• **LISTED ENTRIES**

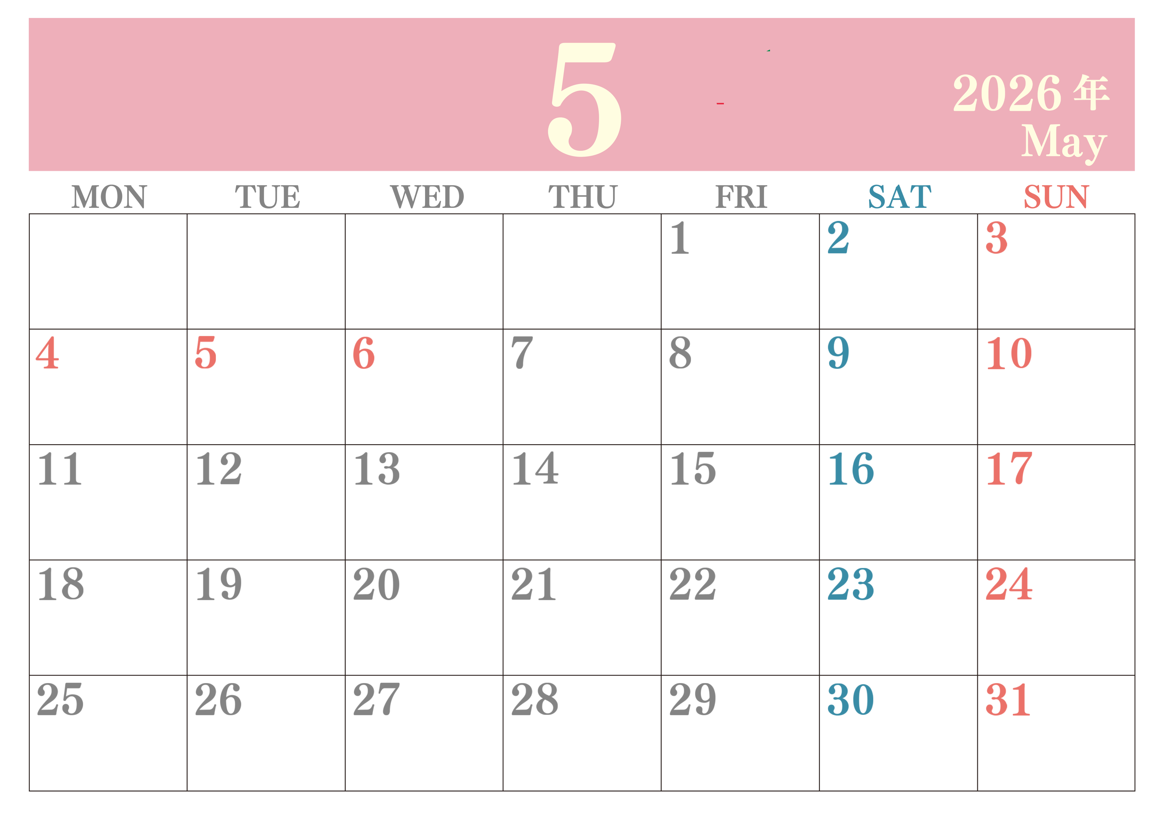 2026年・無料のカレンダーテンプレート 2026年5月横型月曜始まり 大きい文字が見やすく書き込みも楽なA4無料シンプルカレンダー(2026-01140501) 素材状デザイン王 2025年4月8日 2026年5月横型月曜始まりの大きい文字が見やすく書き込みも楽なA4無料シンプルカレンダーです。スケジュールの整理におすすめのフリー素材です。忙しいスケジュールを簡単にまとめて書き込みましょう。(2026-01140501) シンプル 5月 横型のカレンダー 月曜始まり カレンダーデザイン-0114
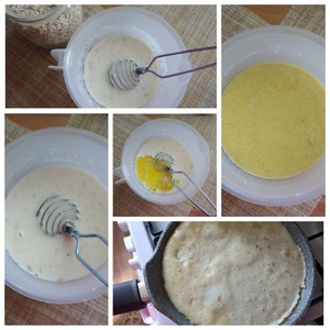 Делаем тесто. Налила кислое молоко в посуду, положила разрыхлитель и венчиком соединила. Добавила сахар, разбила яйцо, опять всё венчиком соединила и насыпала Геркулес. Размешала и дала ему 10 минут примерно разбухнуть. Добавила рисовую муку и соль. Тесто густое. Работая постоянно венчиков вливаем в тесто кипяток. Тесто должно быть довольно жидкое, чтобы оно тонким слоем хорошо разливалось по сковороде. Наливаем масло. Я использую оливковое. Это для того, чтобы не подмазывать каждый раз сковороду при выпечке блинов. Сковорода у меня D-24 см, антипригарная блинная. Хорошо её разогрела и разлила тесто тонким слоем. Обжариваем блин с одной стороны на среднем огне. Когда блин схватится (проверяем его от краёв лопаточкой)...
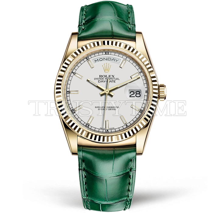 Часы Rolex из коллекции Day-Date. Классические женские часы Rolex Day-Date 36mm 118138-0123 премиального качества (Артикул магазина: RX-0399) оснащены надежным автоматическим механизмом с автоподзаводом (работает от амплитуды движения руки) калибра 3155, в котором реализованы следующие функции: часовая, минутная и секундная стрелки, а так же дата, день недели. Круглый корпус часов цветы желтой золота, имеющий размер 36 мм и высоту 11 мм превосходно дополнит образ и украсит запястье своего обладателя. Для изготовления часов Rolex Day-Date 36mm 118138-0123 предлагаемых в нашем интернет-магазине, применяются нержавеющая сталь 316L высокого качества (Швейцарский стандарт), а так же сапфировое стекло высокой прочности, благодаря чему обеспечивается максимальная защита от сколов и механических повреждений. Отличительной чертой данной модели является белый циферблат, часовые индексы которого обеспечивают часовые метки. Завершает образ кожаный ремешок зеленого цвета с фирменной раскладывающейся застежкой Rolex. Водонепроницаемость данной модели составляет 30М (WR30) – допускается минимальное воздействие с водой.
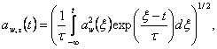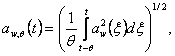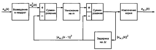где aw - величина, определенная в 3.1.5.1, м/с2; а0 - опорное значение ускорения, равное 10-6 м/с2 (см. [1]). 3.1.5.3 текущее среднеквадратичное значение корректированного ускорения aw,θ(t): Среднеквадратичное значение корректированного ускорения в момент времени t, определяемое формулой где aw(ξ) - текущее значение корректированного ускорения в момент времени ξ; θ - период интегрирования; t - текущее время. Примечание - В качестве аппроксимации линейного усреднения может быть использовано экспоненциальное усреднение, определяемое формулой где τ - постоянная времени экспоненциального усреднения. 3.1.5.4 максимальное кратковременное среднеквадратичное значение (корректированного ускорения) MTVV: Максимальное значение текущего среднеквадратичного значения корректированного ускорения для периода интегрирования θ, равного 1 с. 3.1.5.5 доза укачивания MSDV: Величина, представляющая собой интеграл квадрата корректированного ускорения aw(t), выражаемая в м/с1,5 и определяемая формулой
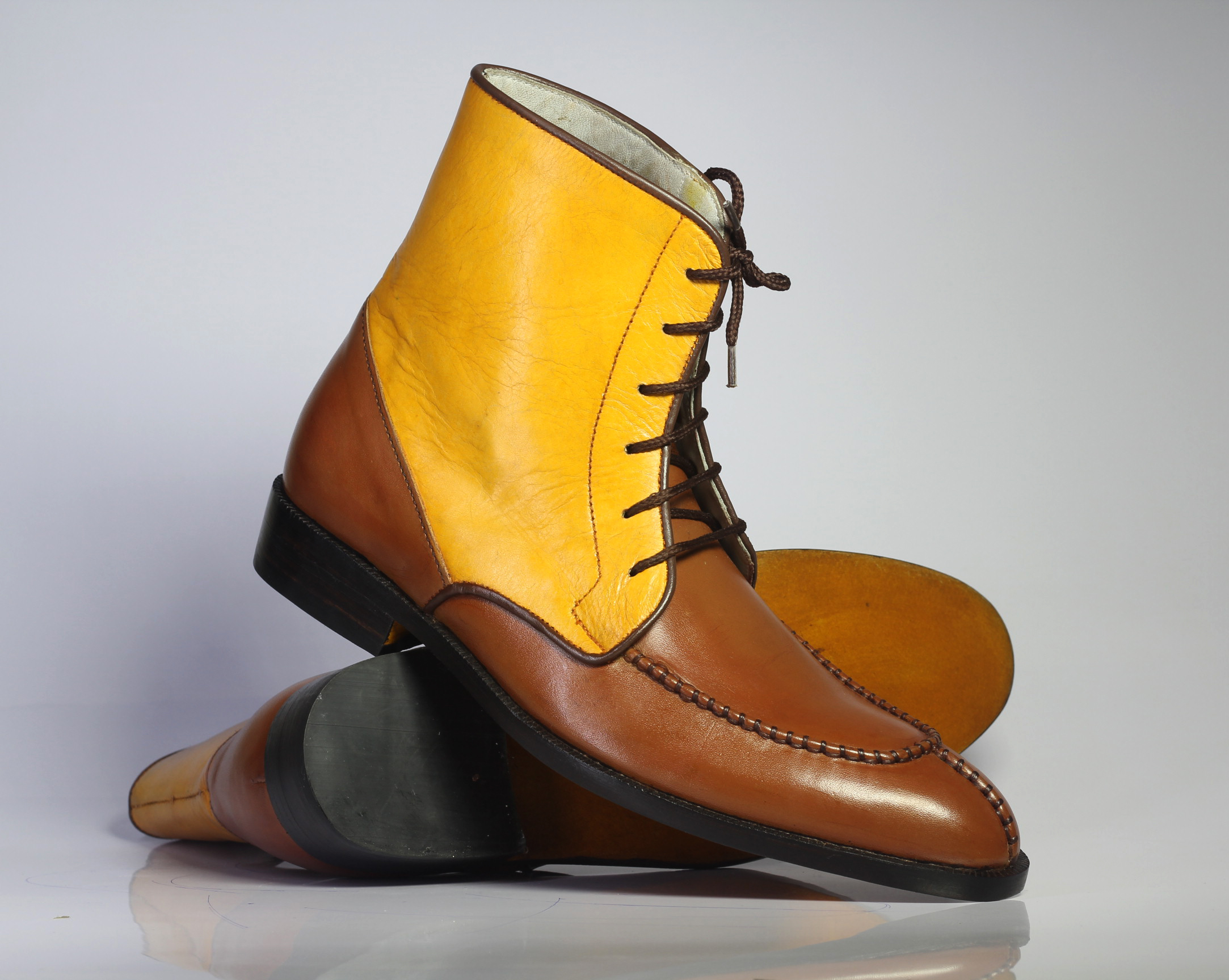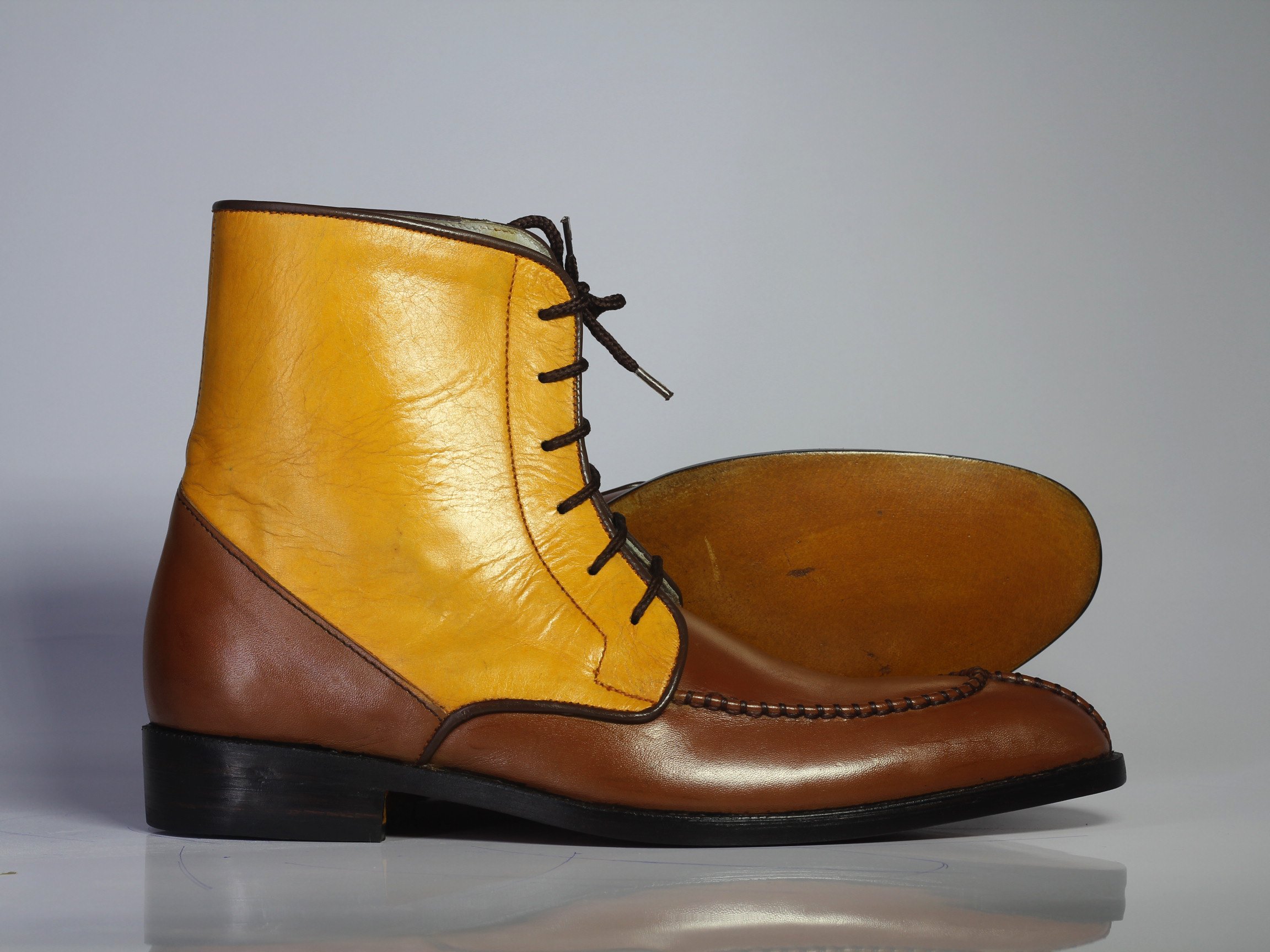 Handmade Men's Ankle high Brown & Yellow Leather Split Toe Lace Up Boots
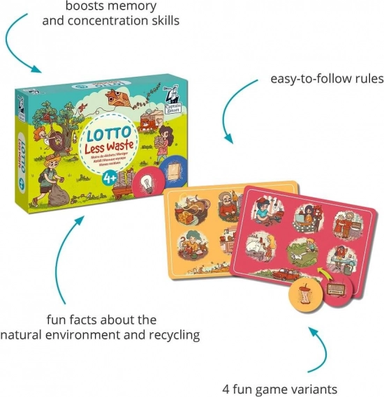 Podaruj odpadom nowe życie i naucz dzieci, co trafia do plastiku, papieru, szkła, bioodpadów i elektroodpadów. Gra Captain Smart loto – czysta planeta jest prosta i wciągająca dla 1–6 graczy od 4 lat, z uroczymi ilustracjami i czterema wariantami trudności. Zadaniem jest dopasowywanie żetonów do właściwych miejsc na planszach, a przy okazji możecie rozmawiać o obrazkach i naturalnie rozwijać słownictwo.
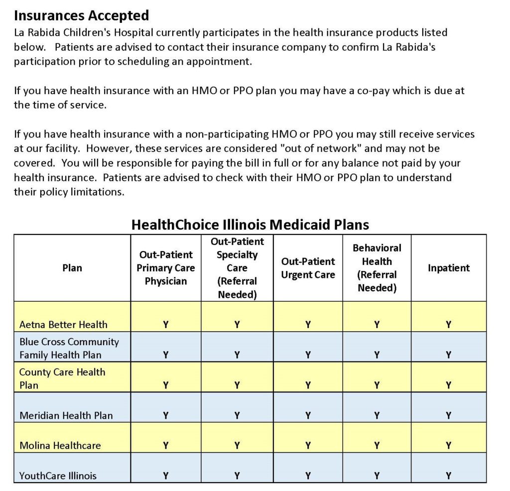 Plans are subject to change from time to time. We encourage patient families to verify La Rabida is a participating provider of their health benefits network and that services their child may require are benefits eligible.
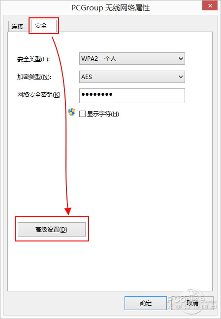 3.进入“无线网络属性”窗口,切换到“安全”页面,点击“高级设置”;
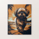 Colourful graphic art design of a shih-tzu at a tropical beach with palms. Awesome gift for Shih-tzu owner and Shih-tzu lover.
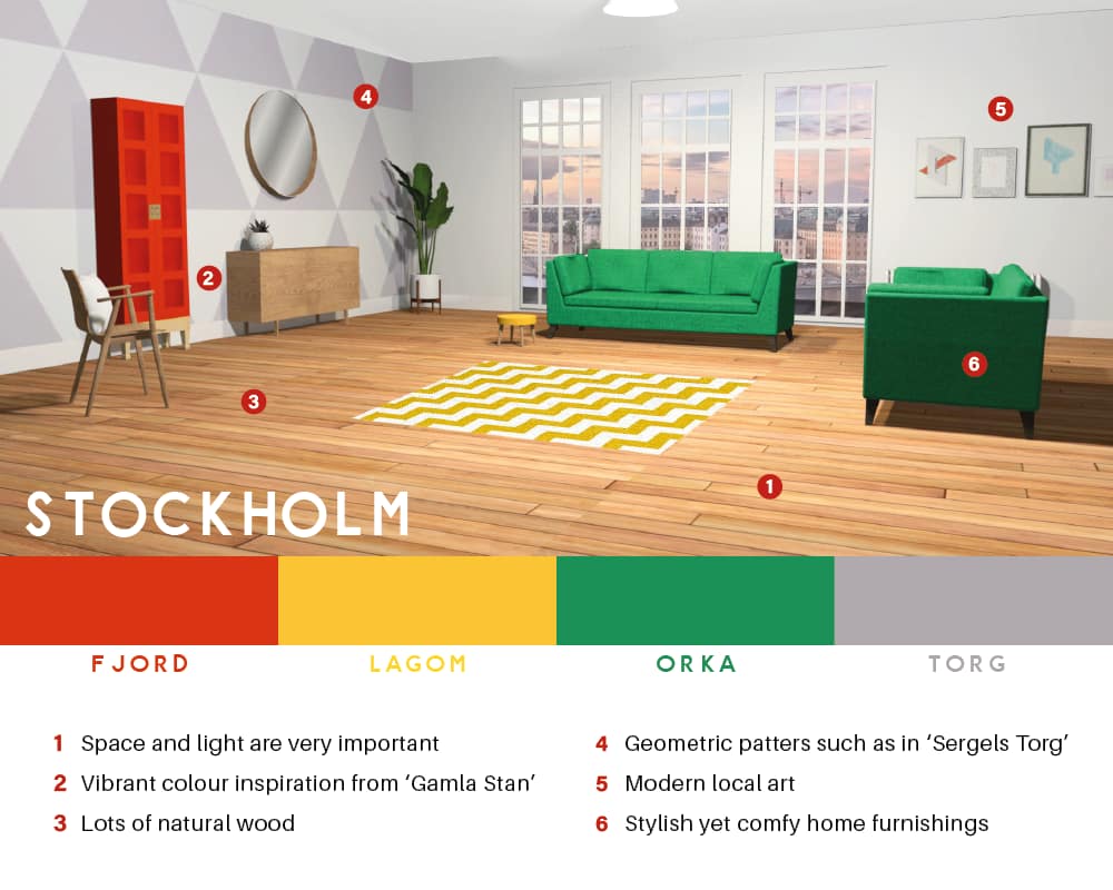 A couple of the main things to keep in mind when designing a Stockholm-inspired room are space and light. Filled with natural wood features and vibrant colours, the furnishings are also carefully curated to meet those two overarching maxims of Scandinavian design: comfort and style. Really simple geometric patterning gives it extra depth and some modern local art adds to the vibrancy of the walls.
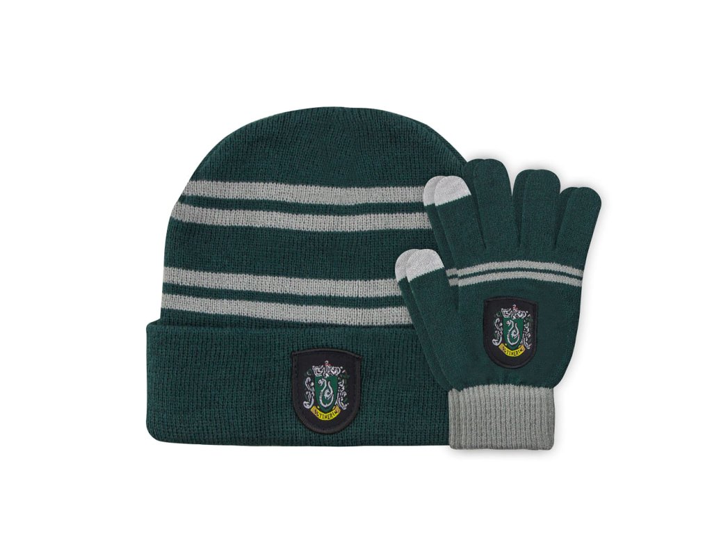 Čepice a rukavice dětské velikosti v barvách a se znaky koleje Zmijozel v Bradavicích, škole čar a kouzel z příběhů o Harry Potterovi. V této stylové sadě naleznete kromě čepice pár šikovných rukavic se speciálními koncovkami pro palec a ukazovák, které usnadňují práci s dotykovými obrazovkami (smartphony, tablety, apod.).
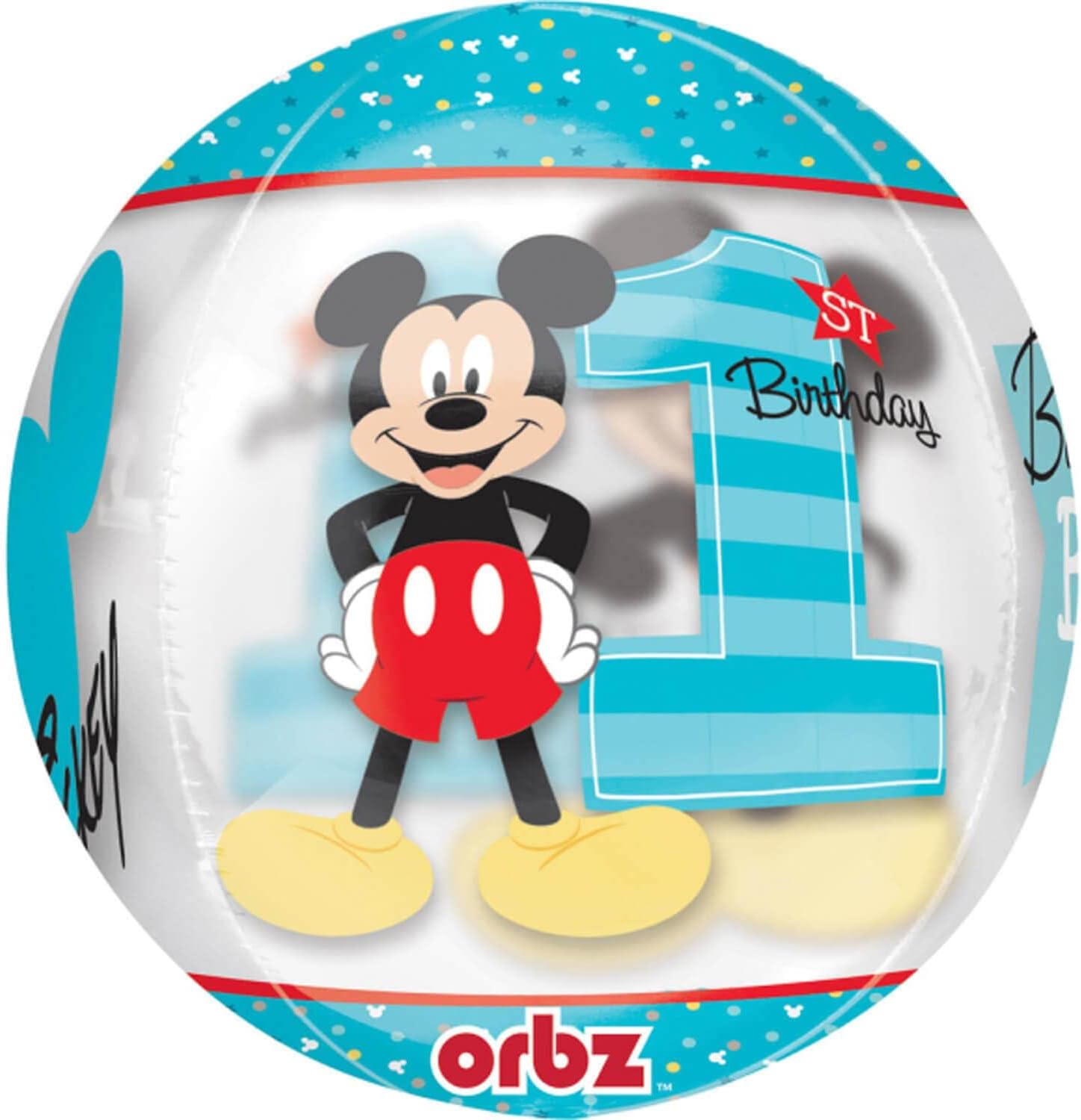 Mickey Mouse 1st Birthday Clear Orbz helium balloon (16 inch)
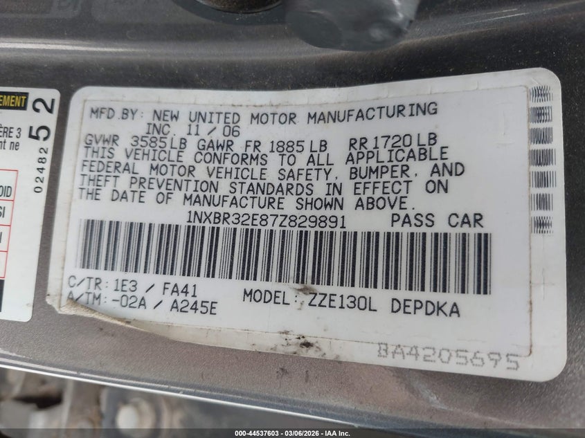 • 1NXBR32E87Z829891
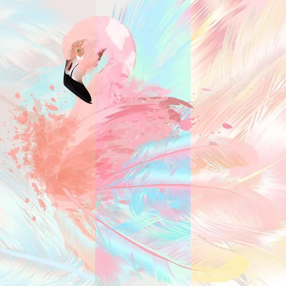 Key featuresBold central flamingo silhouette with dynamic feather motion creates an instant focal point while remaining soft and airy with watercolor‑style blending.
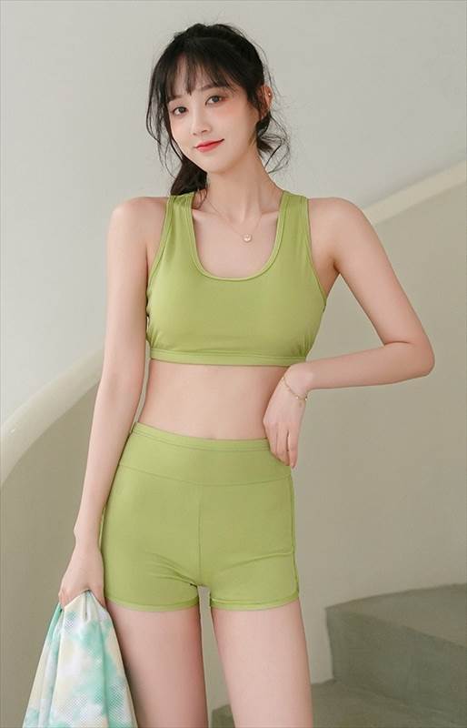 さっと羽織れる涼し気なメッシュトップスとシンプルタンキニが着回しやすいセットです。
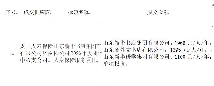 山东新华书店集团有限公司2026年度团体人身保险
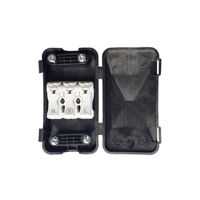 Káblová spojka na prepojenie kabeláže s textilným káblom. Možné zapojiť na každom póle dva vstupné a dva výstupné káble s maximálnym prierezom 2,5mm2.
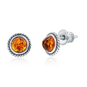 Product Name: Sterling Silver, Round Amber, Designed Outline Studs amber, natural stone, textured, oxidized, earrings, round

• **BRIEF**
Give again, exactly as written above, every line from the one holding "山东新华书店集团有限公司2026年度团体人身保险" to the one holding "Káblová spojka na", with both ends kept and the pictures left out.

• **RESPONSE AREA**
 山东新华书店集团有限公司2026年度团体人身保险
 Káblová spojka na prepojenie kabeláže s textilným káblom. Možné zapojiť na každom póle dva vstupné a dva výstupné káble s maximálnym prierezom 2,5mm2.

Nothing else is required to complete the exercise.